PROVIDED ENTRIES:
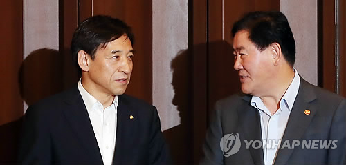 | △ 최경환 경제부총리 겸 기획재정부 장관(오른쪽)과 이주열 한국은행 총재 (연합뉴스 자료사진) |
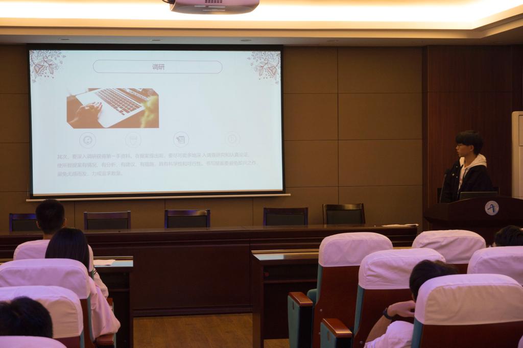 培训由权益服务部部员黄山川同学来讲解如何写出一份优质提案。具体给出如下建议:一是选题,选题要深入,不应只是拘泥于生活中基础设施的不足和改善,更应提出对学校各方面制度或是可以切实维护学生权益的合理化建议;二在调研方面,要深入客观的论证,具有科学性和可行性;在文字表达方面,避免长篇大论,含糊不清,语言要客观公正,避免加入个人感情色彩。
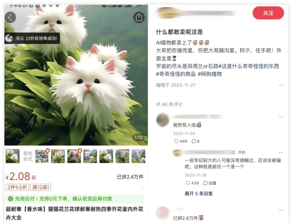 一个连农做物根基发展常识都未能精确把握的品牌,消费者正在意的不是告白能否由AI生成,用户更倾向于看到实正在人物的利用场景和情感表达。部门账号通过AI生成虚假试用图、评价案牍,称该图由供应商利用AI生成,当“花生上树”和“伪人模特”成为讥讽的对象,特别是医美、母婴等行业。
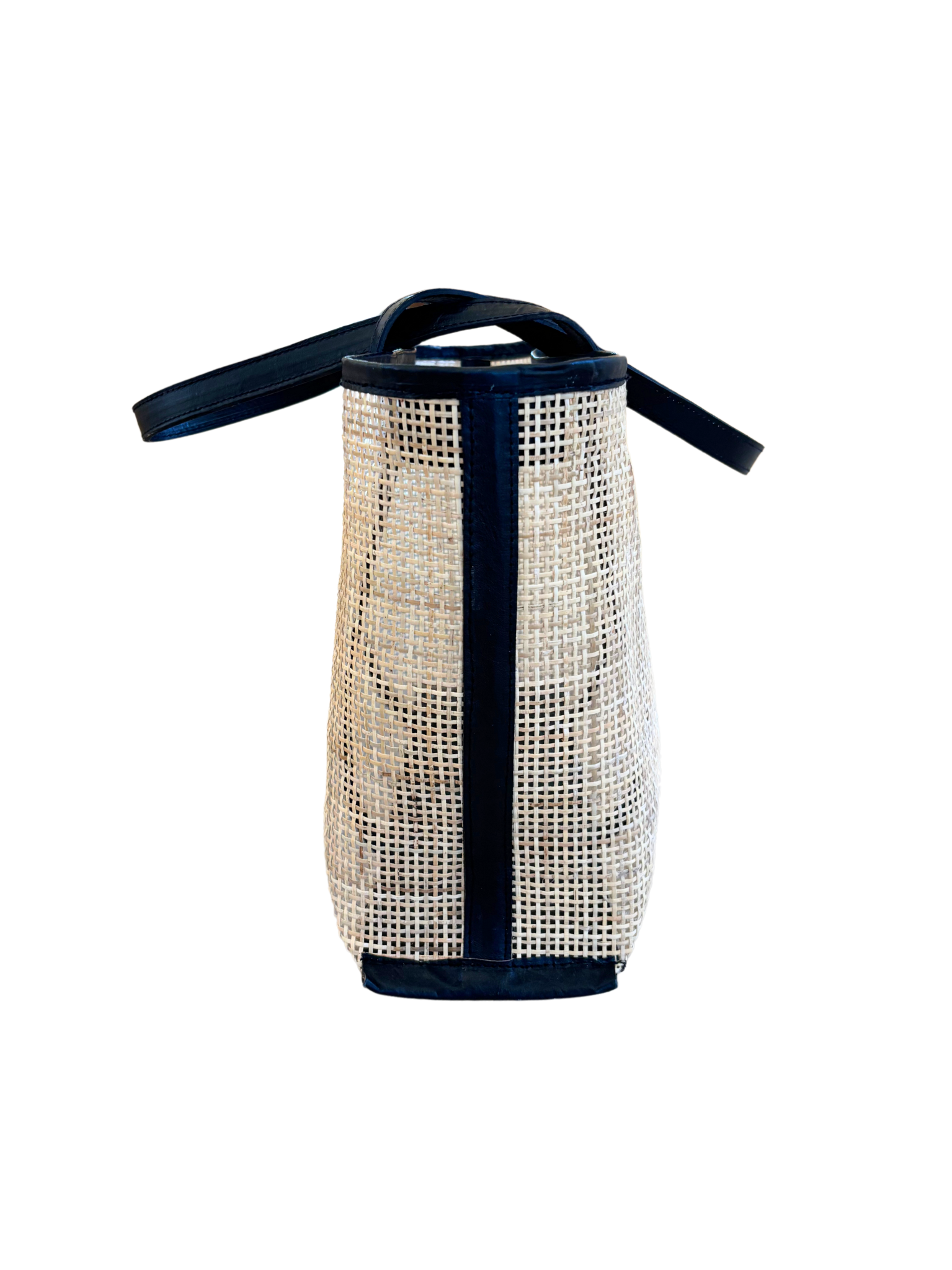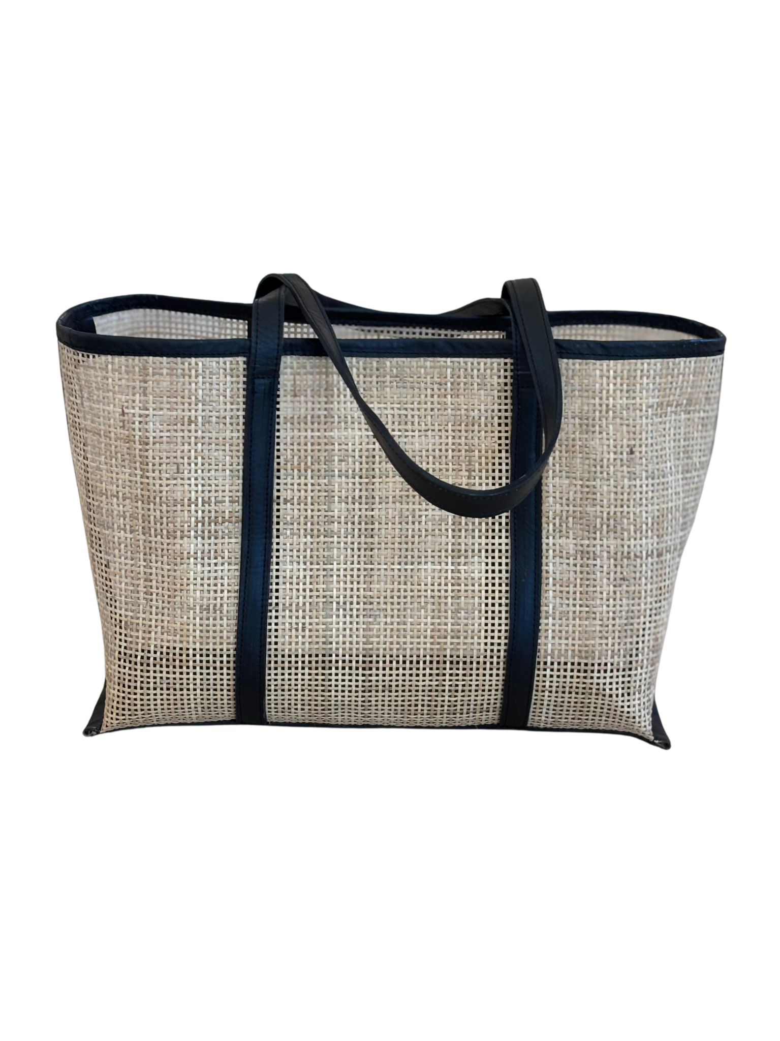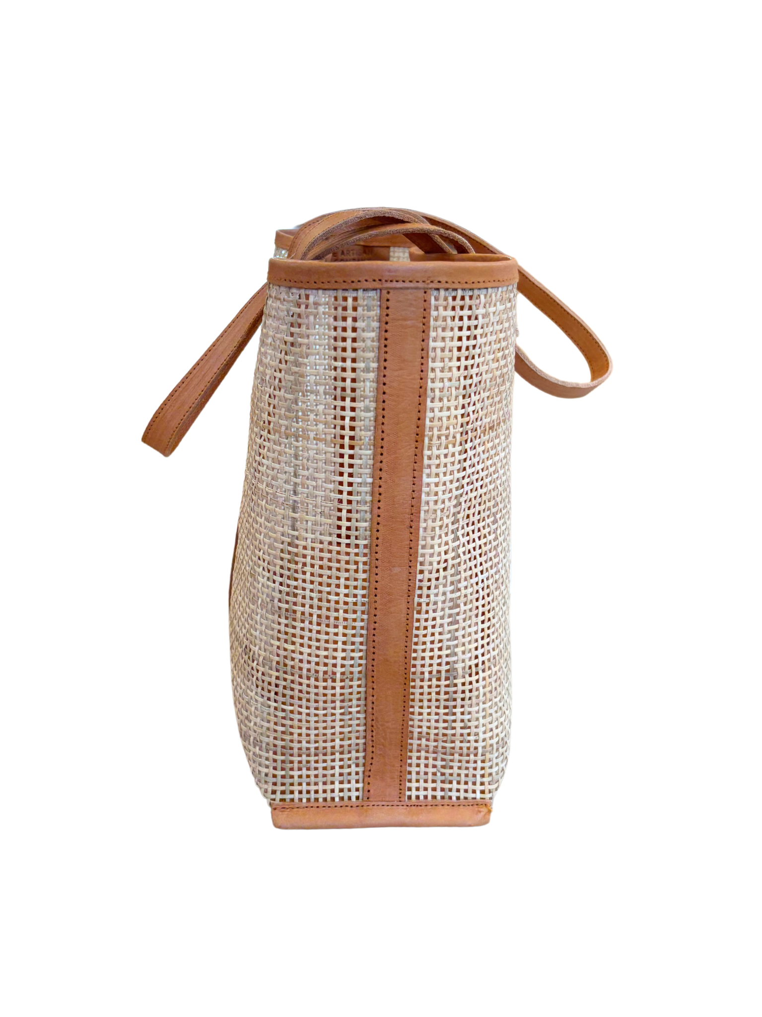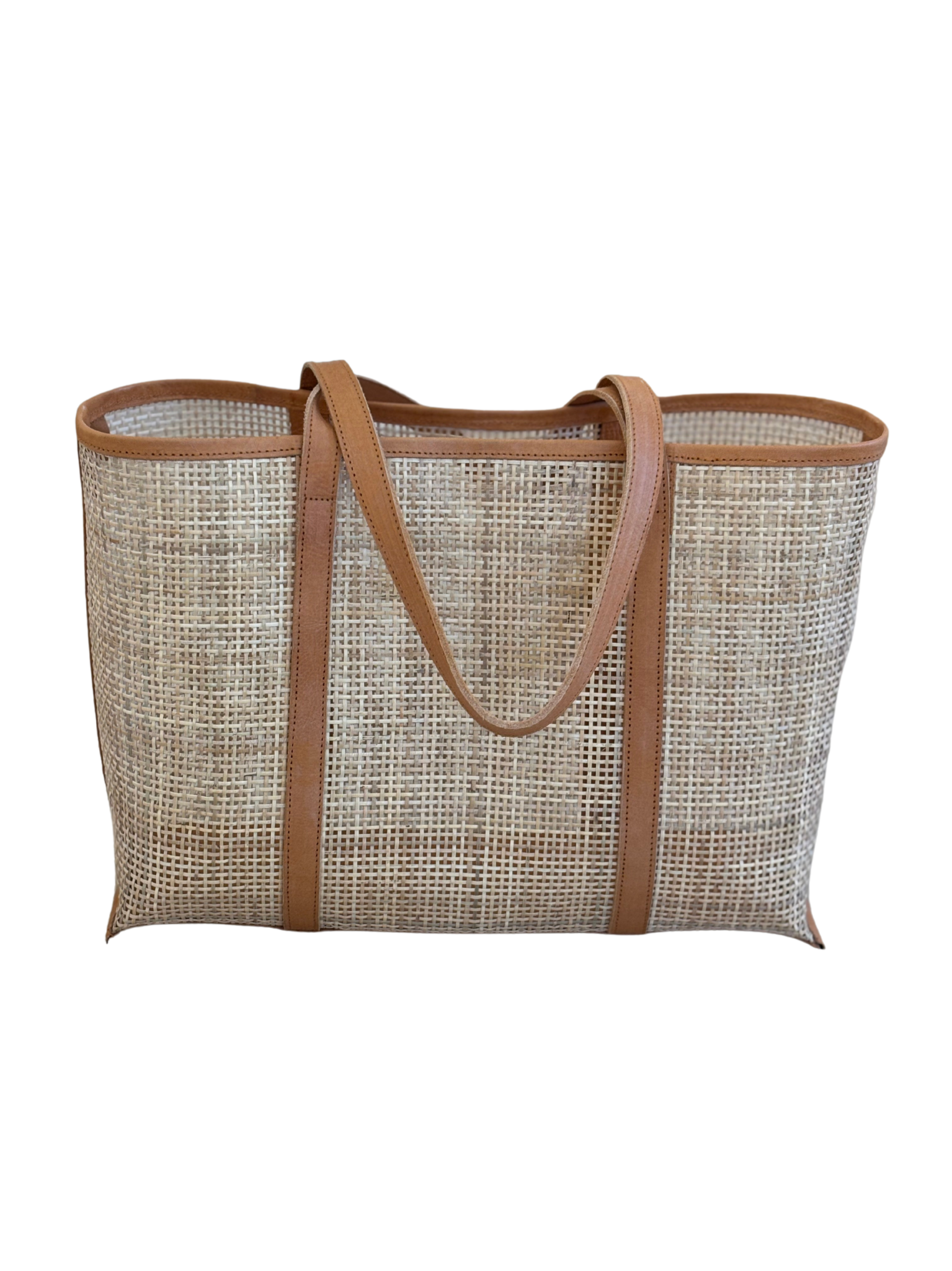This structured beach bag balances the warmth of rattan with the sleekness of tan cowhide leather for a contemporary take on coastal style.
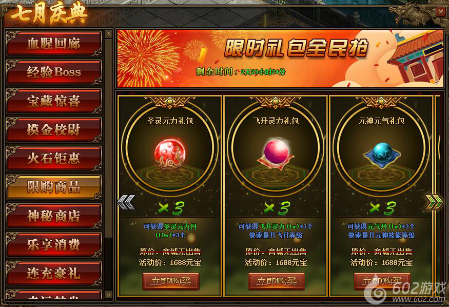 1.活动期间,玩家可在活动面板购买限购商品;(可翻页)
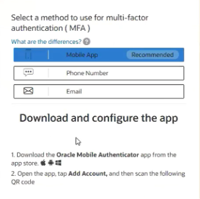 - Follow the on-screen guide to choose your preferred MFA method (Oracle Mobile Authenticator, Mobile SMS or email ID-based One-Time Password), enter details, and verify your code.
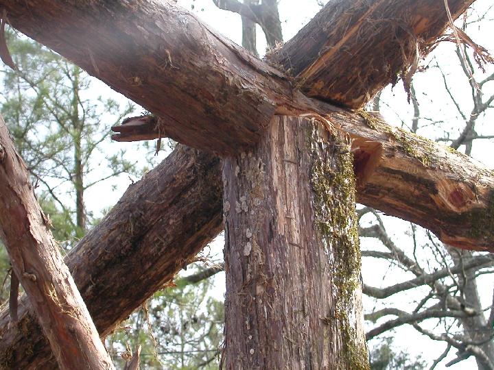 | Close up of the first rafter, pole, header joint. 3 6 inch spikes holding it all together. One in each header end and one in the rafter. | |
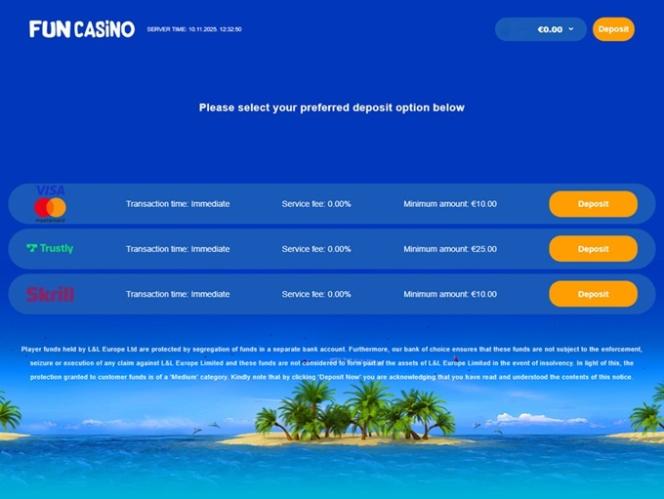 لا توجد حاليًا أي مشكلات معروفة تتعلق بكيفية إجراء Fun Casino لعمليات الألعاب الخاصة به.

PROBLEM TO WORK ON: Reproduce only the lines from the first line of the listing above up to and including the line that holds "1.活动期间,玩家可在活动面板购买限购商品;(可翻页)". Omit the pictures.

YOUR SOLUTION:
 | △ 최경환 경제부총리 겸 기획재정부 장관(오른쪽)과 이주열 한국은행 총재 (연합뉴스 자료사진) |
 培训由权益服务部部员黄山川同学来讲解如何写出一份优质提案。具体给出如下建议:一是选题,选题要深入,不应只是拘泥于生活中基础设施的不足和改善,更应提出对学校各方面制度或是可以切实维护学生权益的合理化建议;二在调研方面,要深入客观的论证,具有科学性和可行性;在文字表达方面,避免长篇大论,含糊不清,语言要客观公正,避免加入个人感情色彩。
 一个连农做物根基发展常识都未能精确把握的品牌,消费者正在意的不是告白能否由AI生成,用户更倾向于看到实正在人物的利用场景和情感表达。部门账号通过AI生成虚假试用图、评价案牍,称该图由供应商利用AI生成,当“花生上树”和“伪人模特”成为讥讽的对象,特别是医美、母婴等行业。
This structured beach bag balances the warmth of rattan with the sleekness of tan cowhide leather for a contemporary take on coastal style.
 1.活动期间,玩家可在活动面板购买限购商品;(可翻页)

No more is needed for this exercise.